If the country is not from the list above, the county bureau has more time to process papers. If correct papers are provided, the nostrification will be awarded in a reasonable time. Students need to submit the following documents: a copy of their passport, translated secondary school diploma, translated marks from secondary school and a conditional acceptance letter from their future university. From our experience, nostrification was awarded in all cases when the correct documents have been submitted.
Tuition fees in the Czech Republic and Slovakia are comparable. If some foreigner is studying in Slovakia or Czech Republic in the local language, the studies are free of charge. Studies in the English language are possible for the most of programs: from aeronautics to mechanical engineering up to medicine or pharmacy (some programs are available even in German, French, or Hungarian).
The cheapest programs in Slovakia cost only 1500€ (for managerial programs), and most of the other programs cost 2500-4000€ per year (bachelor studies take 3 years, master studies take 2 years). The most expensive are programs like pharmacy (7500€ per year), general medicine, or dental medicine (up to 11.000€ per year).
As per portal studyin.cz, aggregator of all study programs in the Czech Republic, the tuition fees range from 0€ to 23000€. The most expensive are medical programs. Tuition fees for economics or IT programs are usually 2500-4000€ per year. Again, a bachelor’s is 3 years, and a master’s is 2 years.
Cost of living
The cost of living depends on the living style. Students have the advantage of various discounts and offers of dormitories. Dormitory prices for international students are approximately 80-130€ per one month, while private apartments (shared apartments) may cost around 150-180€ per month. Food expenses could be around 150-200€, canteen food is discounted for students. The monthly pass for students is around 10-12€ per month. Services, such as hairdressers or gyms will be more expensive in big cities like Bratislava or Kosice. With a budget of 500€, one will not have any problem surviving anywhere in Slovakia.
The cost of living in the Czech Republic will be comparable. A budget of 350€ is considered as a minimum, with a budget of 600-700€ it is possible to cover all expenses comfortably (single apartment, food, travel, free time activities, etc). The budget for living in bigger cities like Prague, Brno, or Pilsen could be more expensive.
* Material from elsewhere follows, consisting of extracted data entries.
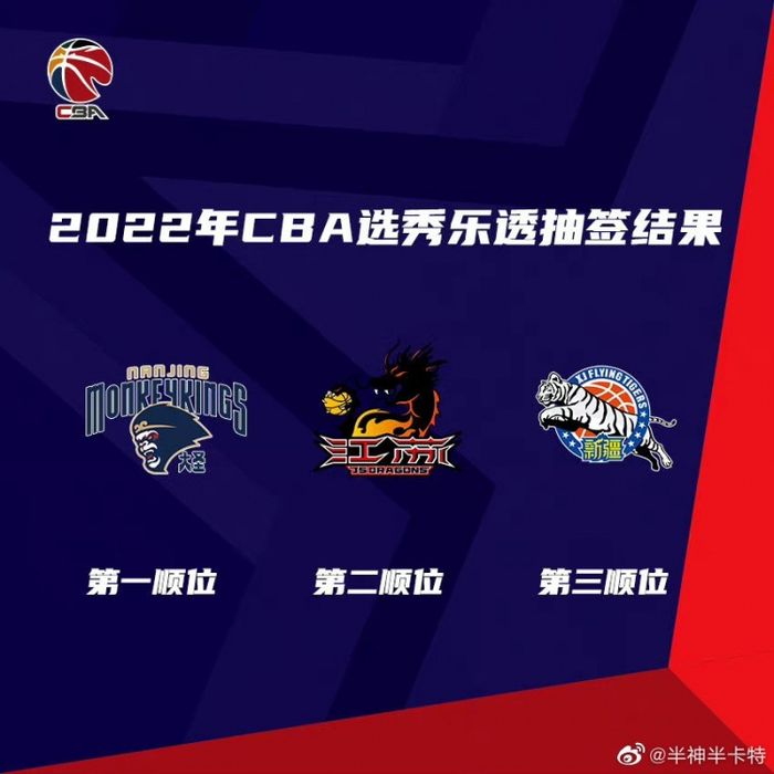 在此前进行的选秀乐透抽签仪式中,南京同曦队抽到状元签,江苏肯帝亚拿到榜眼签,新疆广汇获得第三顺位。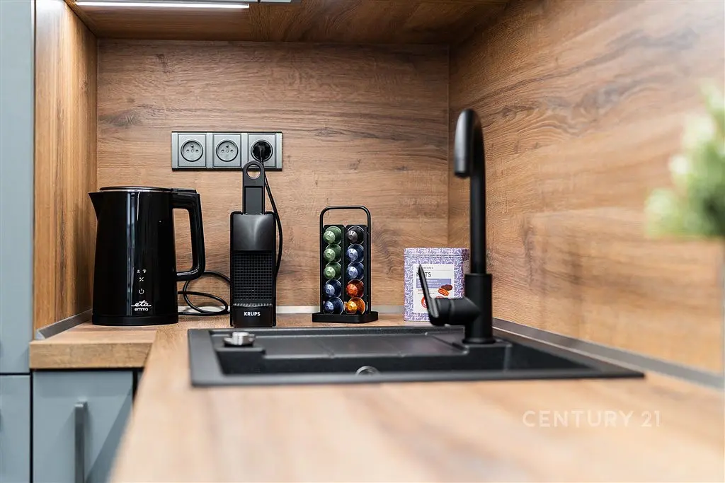 Je kompletně vybaven a zařízen: kuchyňská linka na míru včetně vestavěných spotřebičů (vysoká lednice s mrazákem, indukční varná deska, mikrovlnka, trouba, digestoř, myčka nádobí), jídelního stolu, židlí, sedačky, TV skříňky, vestavěnou skříní s pračkou a samostatnou sušičkou v předsíni, pracovním koutem, vestavěnými skříněmi a postelí box spring v ložnici.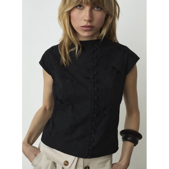 Short-sleeve blouse with button-front closure, made of embroidered fabric. High collar with wide neckline and positional closure. Fitted silhouette with darts and seam details. Short length
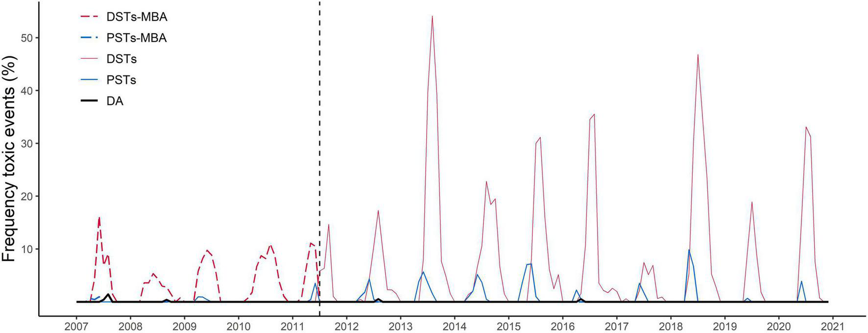 Time series of the proportional frequency of biotoxin monthly events above safety limits from 2007 to 2020 in Scotland, for DSTs-MBA (dashed red line), PSTs-MBA (dashed blue line) (biological assay); DSTs (red line), PSTs (blue line), and DA (black line) (using instrumental method). Vertical dotted line in July 2011 marks the start of the use of the LC-MS/MS method for DSTs quantification in mussels. In previous years, MBA were mainly used. See Table 1 for definition of abbreviations. Total number of tests performed 58,808.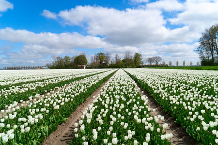 Dutch white tulip field with rows in sunny day with blue sky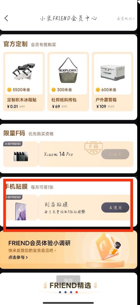 小米商场FRIEND会员卡免费领取,登录就是年卡

Czech universities have longer traditions and positions in rankings. There are 3 universities in the TOP 500 universities according to QS Ranking (2023): Charles University in Prague (288th), the University of Chemistry and Technology, Prague (358th), and the Czech Technical University in Prague. There are also the following universities in the TOP 1000 list: Masaryk University (551st), Palacky University in Olomouc (651st), Brno University of Technology (701st), University of South Bohemia (701st), the Czech University of Life Science in Prague (801st), Mendel University in Brno (801st) and the Technical University of Olomouc (801st).
Slovakia has the following universities among the TOP 1000 universities as per QS ranking (2023): the University of Pavel Jozef Safaraik (701st) the Comenius University (701st), the Technical University of Kosice (801st), the Slovak Technical University in Bratislava (801st), University of Zilina (801st),
Both Slovakia and the Czech Republic allow students to work during their studies. Students can work up to 20 hours per week (80 hours per month). Students in Slovakia and the Czech Republic can also run a business (sole trading license or private liability company – S.r.o). A residence permit is required in both cases. The basic rule is that foreigners and local students should have the same treatment and rules as per law.